В дни юности моей, с судьбой в отважном споре,
Я, как Милон, взвалил себе на плечи горе,
Не замечая сам, что бремя тяжело;
Но с каждым днем оно невидимо росло,
И голова моя под ним уж поседела,
Оно же все растет без меры и предела!
А сколько в балладах и былинах этих лет жизненной силы, лукавства, задиристости! «Поток-богатырь», «Порой веселой мая...», «Илья Муромец», «Сватовство», «Алеша Попович» с их культом молодечества, природы, с их верой в светлые начала. Романтика «Канута» и «Слепого»...
Он не изменил своим убеждениям, не отступился от них ни на йоту. Как-то Стасюлевич, подыгрывая ему, сказал о нигилизме - «дрянность, блохи, мазурики, нечистота», и Толстой ответил ему: «Позвольте мне в этом случае взять сторону нигилисма и защитить его от Вашего пренебрежения. Он вовсе не дрянность, он глубокая язва... Он вовсе не забит и не робок, он торжествует в значительной части молодого поколения; а неверные, часто несправедливые, иногда и возмутительные меры, которые принимала против него администрация, нисколько не уменьшают уродливости и вреда его учения».
Алексей Константинович выступал против репрессий.

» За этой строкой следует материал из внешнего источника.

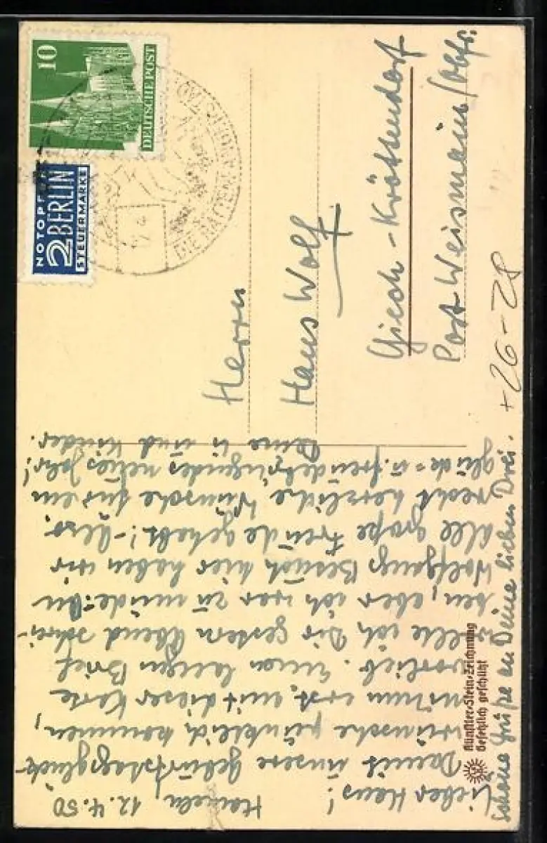 gelaufen 1950, Eckknick oben li., Einriss unten re., guter Zustand
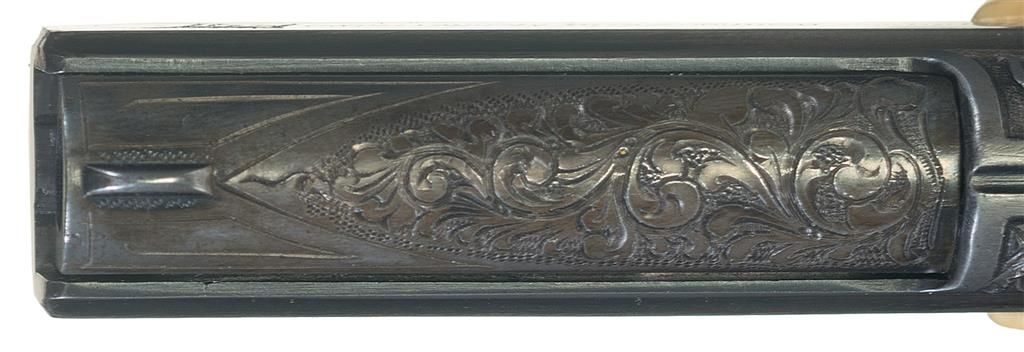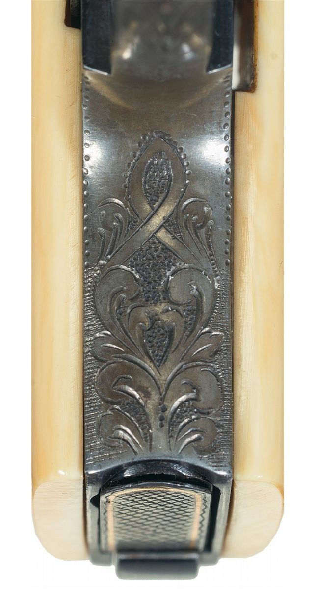 Fine as partially refurbished with 50% of the blue remaining on the frame of the pistol with the slide having been professionally refinished at some point which has now taken on a aged gray patina look. The engraving and gold line borders are all in excellent condition. The ivory grips are excellent condition with a nice aged yellow look. The Walther factory blue enameled disc and the larger "SA" emblem are very fine, but does show wear across the top of emblem as it sits slightly higher than the left grip. The custom made presentation case is also fine with minimal wear on the outside with the blue lining intact. An interesting, undocumented Walther No. 9 semi-automatic pistol.
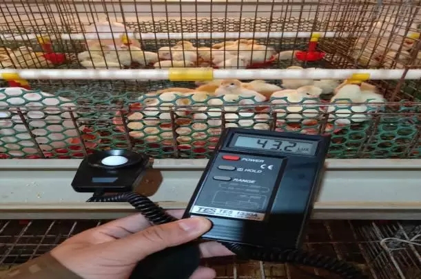 D雞舍內(nèi)光照一定要亮,每籠雞都要滿足最小的光照強(qiáng)度,20lx以上更好,起碼滿足該品種對光照亮度的要求。剛出殼的雛雞視力是很弱的,用強(qiáng)光刺激適應(yīng)環(huán)境。
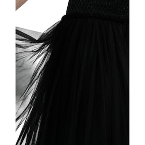 Gorgeous brand new with tags, 100% Authentic Dolce & Gabbana black evening dress with a low waistline. The bodice of the sleeveless model is made of openwork mesh, completely covered with glossy sequins. Features a multi-layered hem, they used translucent tulle, draped with small folds.

Он за полемику, за сатиру, за борьбу в равных условиях. Смех убивает нелепость лучше запретительных мер. А он, Толстой, оказывается «между двух огней, обвиняемый Львовым и Тимашевым в идеях революционных, а газетными холуями - в идеях ретроградных. Две крайности сходятся...». И ведь верно - он выставлял со смешной стороны раболепство перед царем, писал сатиры на пьянство, на спесь, на взяточничество, «и никому не приходило в голову этим возмущаться». Другое дело - нигилизм.
«Нигилисм будет отрицать все на свете, но его самого никто не смей отрицать! Гвалт! Это еще одна смешная его сторона, которую следовало бы выставить. Доктор Боткин, с которым я иногда спорил в Карлсбаде о нигилисме, приводит в его защиту, что из его среды вышли дельные люди и даже дельные женщины. Слава богу! Хорошо сделали, что вышли, а не остались».

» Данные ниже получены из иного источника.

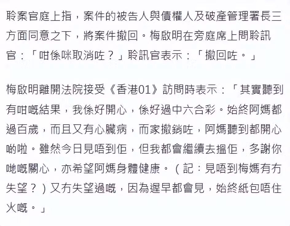梅啟明當天一直不肯離開法院,直到從記者口中得知破產申請被撤銷才鬆了一口氣,表示很開心,比中彩票還開心,坦言媽媽有心臟病不能受刺激,她應該也會開心。
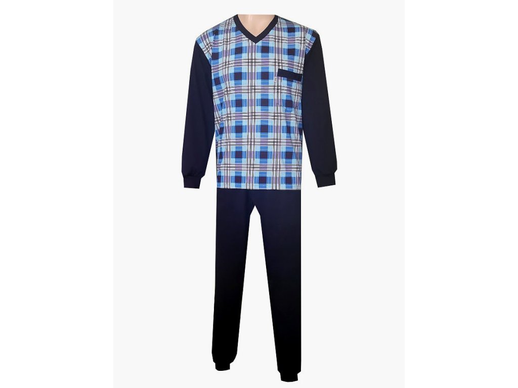 Pánské pyžamo úplet dlouhé to je kvalitní pánské pyžamo od firmy Foltýn. Moderní střih zaručující maximální pohodlnost a eleganci. Vrchní díl má výstřih do V. Kalhoty jsou volné. V pase opatřené gumou v tunýlku, která se dá vyměnit. Pánské pyžamo úplet dlouhé je vyrobeno z jemně česaného bavlněného úpletu ze 100 % bavlny. Tento kvalitní materiál je vzdušný a velice příjemný. Způsob ošetřování: praní na 40°C, žehlení.
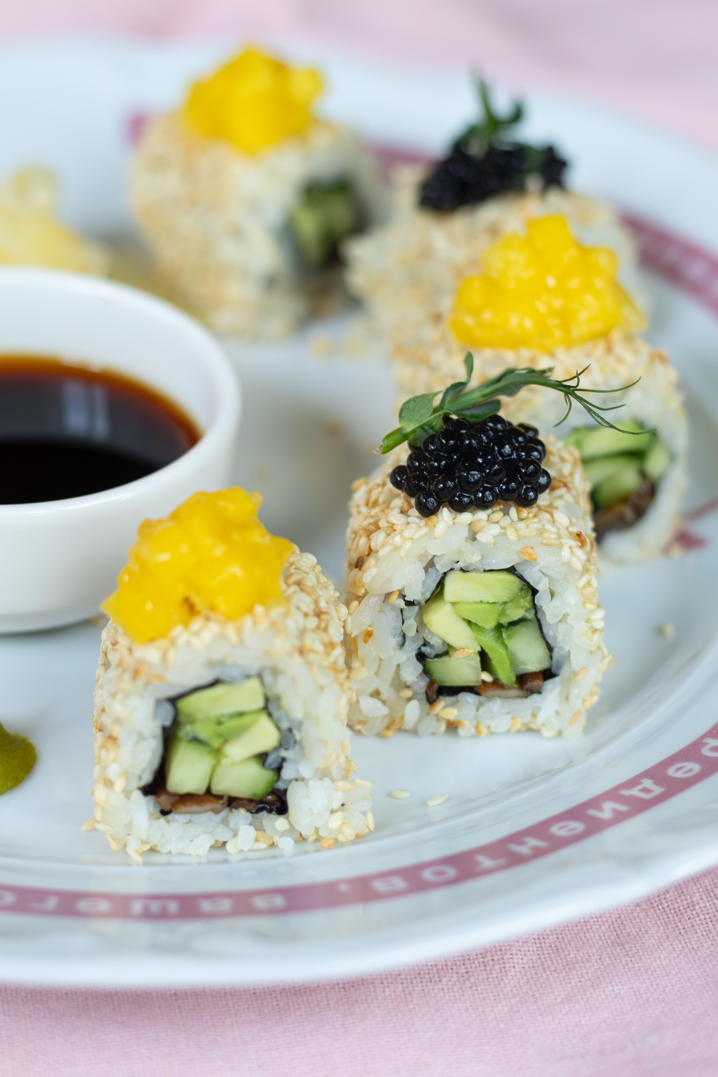 Чёрная веган-икра, манго, вешенки, авокадо, огурец, рис, нори, кунжут, имбирь, соевый соус, васаби.
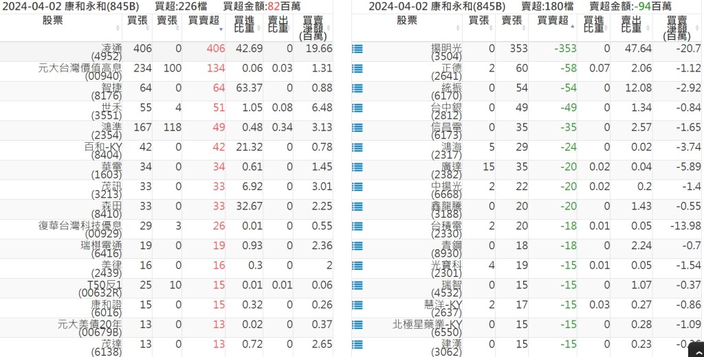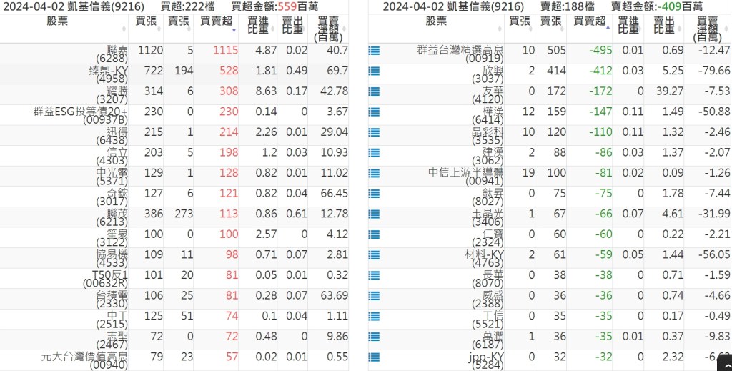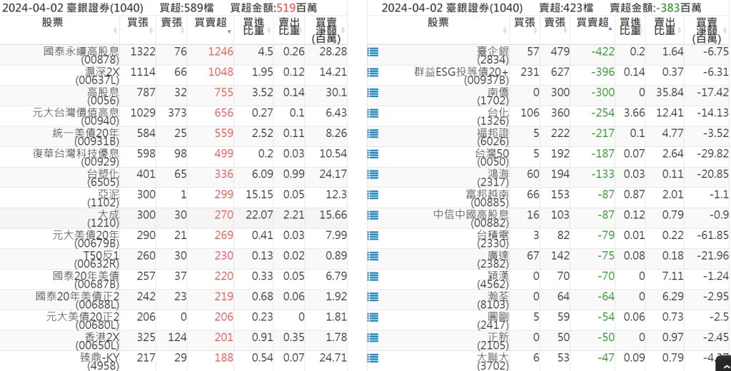 2024-0402關鍵券商買賣超 2024-04-02 股狗網小編 籌碼面每日資訊 發表留言 關鍵券商買賣超: 臺銀證券(1040): 台灣摩根士丹利(1470): 凱基台北(9268): 凱基信義(9216): 元大土城永寧(9875): 康和永和(845B) : 富邦建國(9658): 免責宣言 本網站文章所提供資訊僅供參考,並無任何推介買賣之意,投資人應自行承擔交易風險。 分享此文: 分享到 X(在新視窗中開啟) X 分享到 Facebook(在新視窗中開啟) Facebook 喜歡 正在載入...
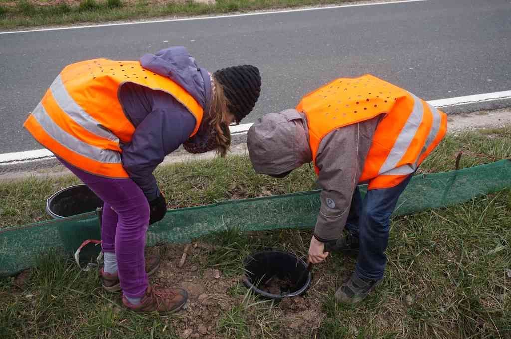 Genau 51 Ehrenamtliche waren 2025 von Anfang Februar bis Ende April an den 12 Amphibien-Übergängen in unserem Landkreis aktiv. Hierbei sammelten sie entlang von mobilen Leitsystemen aus ebenerdig versenkten Eimern vor engmaschigen Kunststoffzäunen, in denen die Tiere bei ihrer Wanderung entlang des Zauns fallen bzw. entlang der fest installierten Leitsysteme. Dabei werden die Amphibien nach Arten gezählt und zu den Weihern auf der gegenüberliegenden Straßenseite entlassen. Außerdem werden die Übergänge auf Schwachstellen und toten Tieren auf der Straße überprüft. Jährlich werden so bis zu 7.000 Amphibien alleine bei uns im Landkreis gerettet. Nur zum Zeitpunkt des Laichens wandern die Amphibien bei den ersten warmen Frühlingstagen (oft beim ersten warmen Regen und Nachttemperaturen über 5°C) fast gleichzeitig los. Auf dem Rückweg lassen sie sich dann oft ganz unterschiedlich Zeit, was bis in den Herbst dauern kann. Dadurch ist die Rückwanderung über einen größeren Zeitraum verteilt. Sie ist somit für Amphibien und Straßennutzer gleichermaßen nicht so gefährlich wie die Wanderung zum Laichplatz am Anfang des Jahres.

Иногда хочется плюнуть на все и кричать лишь: «Да здравствует человечность и поэзия!» Особенно ранним утром в Красном Роге, когда петухи поют, будто они обязаны по контракту с неустойкой. Повар Денис и кухарка Авдотья затопили на кухне, чтобы печь хлеб. В деревне зажглись огоньки... Так бы вот и прожить жизнь, но надо везти жену в Венецию или Пустыньку. «Ей хочется узнать, существует ли Наполеон III или нет?.. Какое мне до этого дело? Я знаю, что есть Денис и есть Авдотья, и мне этого достаточно... Черт побери и Наполеона III, и даже Наполеона I! Если Париж стоит обедни, то Красный Рог с его лесами и медведями стоит всех Наполеонов, как бы их ни пронумеровали».

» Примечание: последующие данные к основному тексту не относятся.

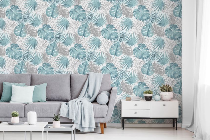 Rostlinné a přírodní motivy vnesou do interiéru klid a harmonii. Hladká, bílá, vliesová tapeta s dekorem palem a monstery v odstínech tyrkysové a jemně plastické šedo-stříbrné se stříbrnými třpytkami.
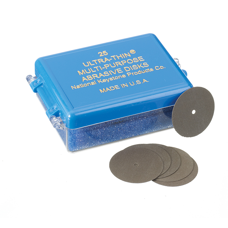 Keystone Industries Ultra-thin Abrasive Discs have the exceptional combination of thinness, strength and cutting qualities, which have made them an indispensable industry standard. These abrasives are used for fine cutting and finishing on porcelain interproximals and margins. The pure fine silicon carbide abrasive is a unique formulation that will not discolor porcelain. Best used between 10,000 and 12,000 rpm.
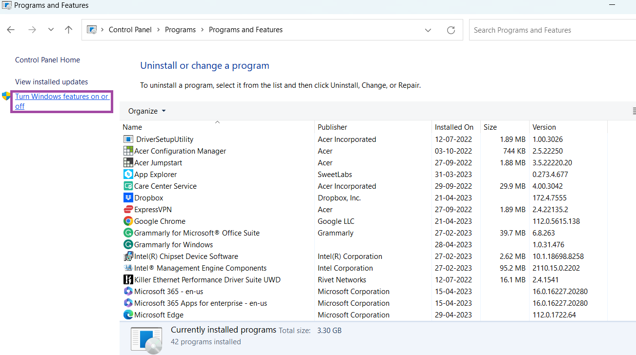 - Натисніть наУвімкнення та вимкнення функцій Windows.
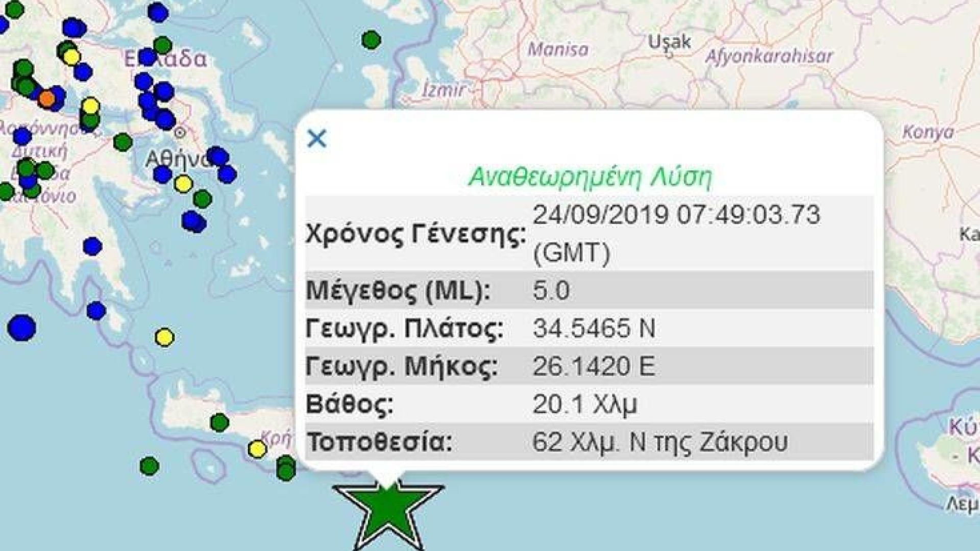 Σεισμός 5 Ρίχτερ σημειώθηκε πριν από λίγη ώρα ανοιχτά της Κρήτης, σύμφωνα με το Γεωδυναμικό Ινστιτούτο.
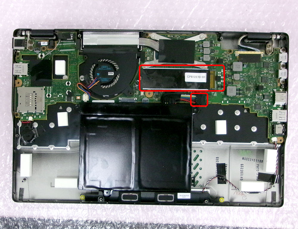 バッテリーコネクターを抜いてから、SSDを取り外します。
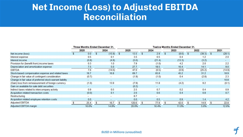 | | Adjusted EBITDA increased to $25.4 million in the Fourth quarter of 2025, compared to $16.7 million in the Fourth quarter of 2024. Our Adjusted EBITDA margin increased by approximately 190 bps year-over-year to 16.6% in the Fourth quarter of 2025. |

И все-таки приходилось ездить за границу на лечение. Елизавета Матвеева, двоюродная сестра Алексея Константиновича, навестила Толстых, живших зимой 1873/74 года в Ментоне вместе с семьей Алексея Жемчужникова. Она вспоминала, что лицо Алексея Константиновича было постоянно багровым, пронизанным толстыми синими жилами. На него было мучительно смотреть. Но как только боль немного утихала, он снова шутил и всех смешил.